Edward Berge Says: July 31st, 2006 at 12:26 pm From “Mystical Consciousness is a Process Perspective” by Ernest L. Simmons, Whitehead on Consciousness
What Aurobindo had realized in the Nirvana experience was the cessation of the ego-consciousness in the all-pervading peace of the silent Brahman. The sudden disappearance of the ego is what gives the sense of the unreality of the external world, but for Aurobindo this experience lasted only a short while, being replaced by more integral experiences of an “immense Divine Reality” behind, above, and within everything that had at first appeared to be illusory (OH 102). Through these experiences the “That” was realized as pure, transcendent, unqualified Consciousness, such that Aurobindo could conclude that, “Consciousness is a fundamental thing, the fundamental thing in existence — it is the energy, the motion, the movement of consciousness that creates the universe and all that is in it — not only the macrocosm but the microcosm is nothing but consciousness arranging itself” (LY 236).

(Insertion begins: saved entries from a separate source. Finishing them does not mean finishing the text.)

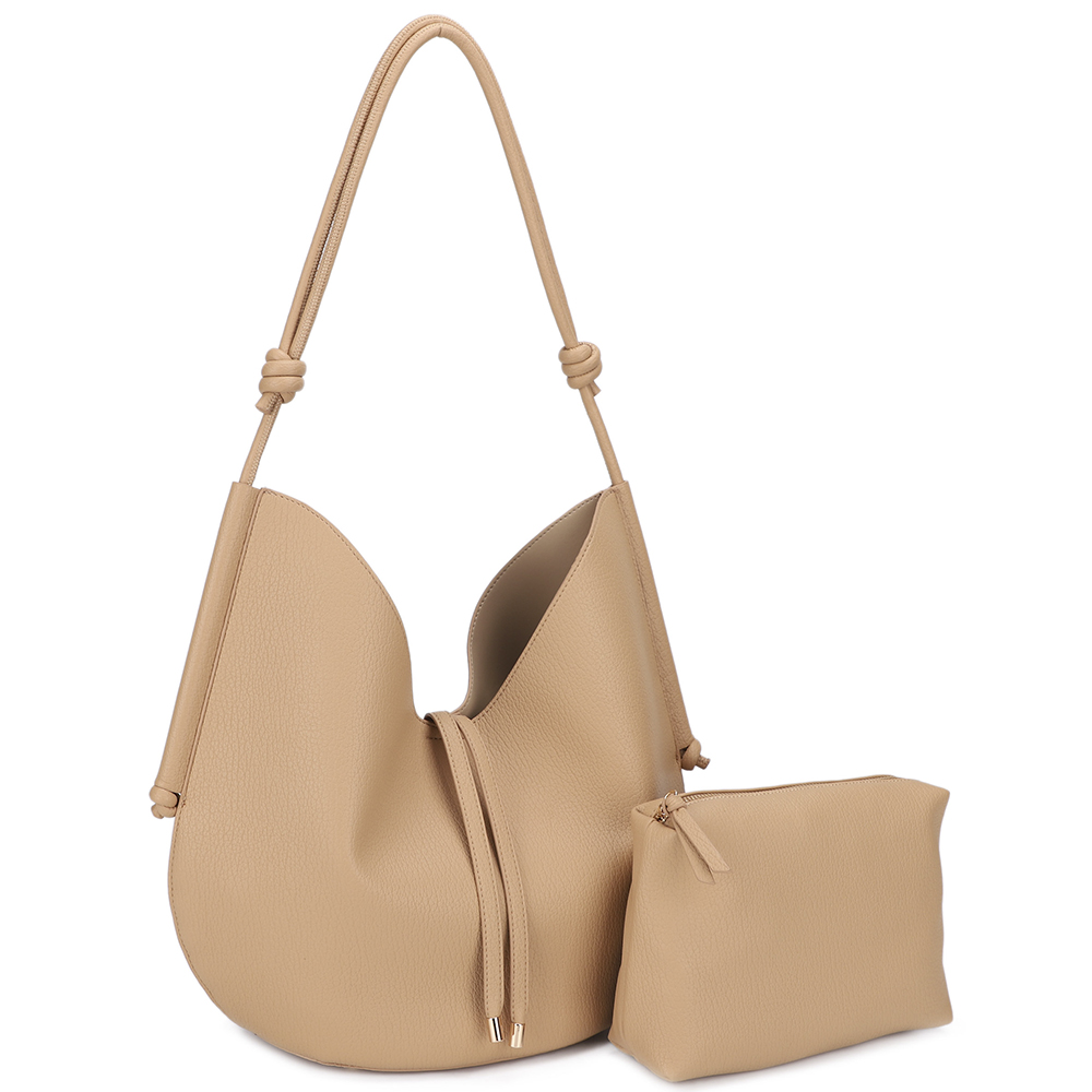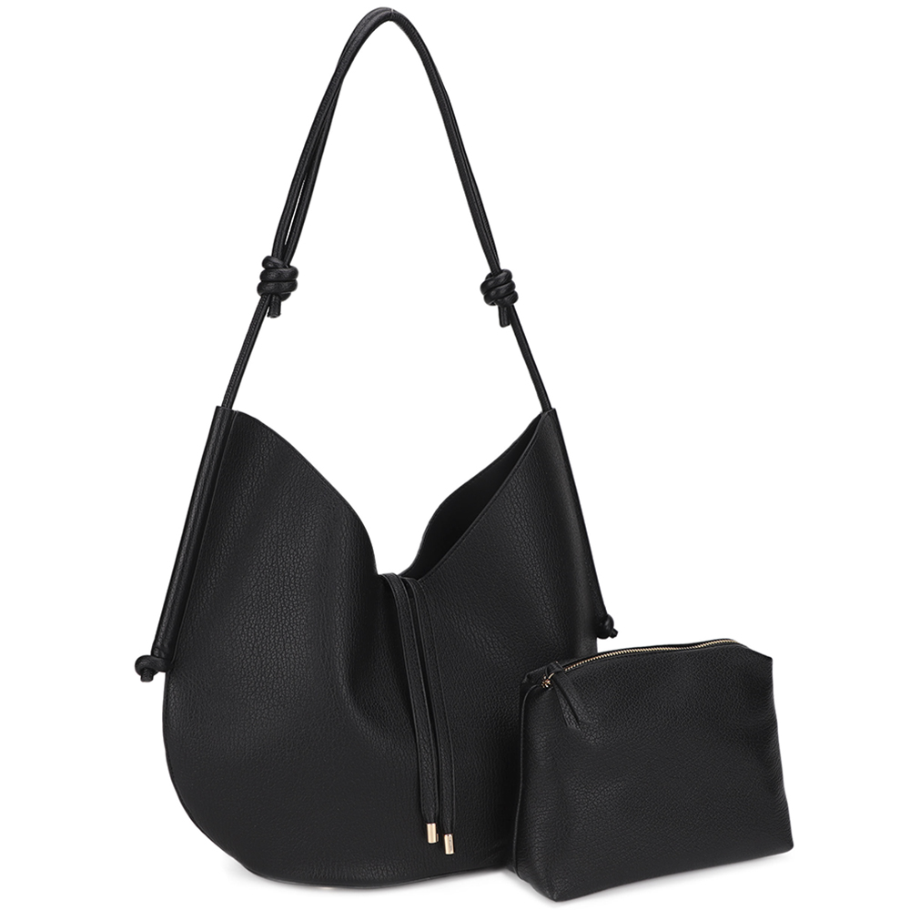 SOFT STRUCTURED HOBO SHOULDER BAG WITH MINI POUCH SET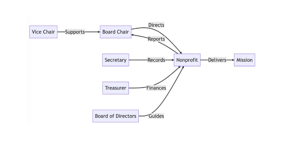 However, the common framework includes a board chair, vice chair, treasurer, and secretary.
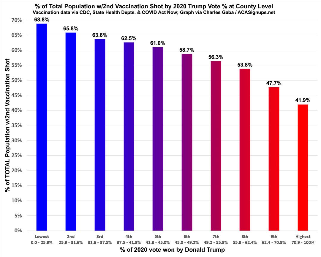 Here's what the data above looks like in bar graph format, broken out in rough deciles (tenths of the total population, or around 33.1 million people apiece). The vaccination rate in the bluest tenth of the nation is running 64% higher than the reddest tenth:

Consciousness is then the fundamental reality in the universe of which all existence is a manifestation yet which itself is beyond any final qualification. “Consciousness” for Whitehead has a more restricted use applying to the subjective form of particular types of intellectual feelings; thus something much broader in Whitehead’s conceptuality must be found. Is there anything in Whitehead’s system which would compare to this experience of the qualityless reality? The answer is yes. It is creativity experienced as universal subjectivity. The closest parallel to the experience of the silent Brahman as pure consciousness is the experience of creativity as the pure subjectivity of the universe. Consciousness is absolutely fundamental for Aurobindo, and creativity is for Whitehead, so it is the purpose of this subsection to compare the experience of these two fundamental realities.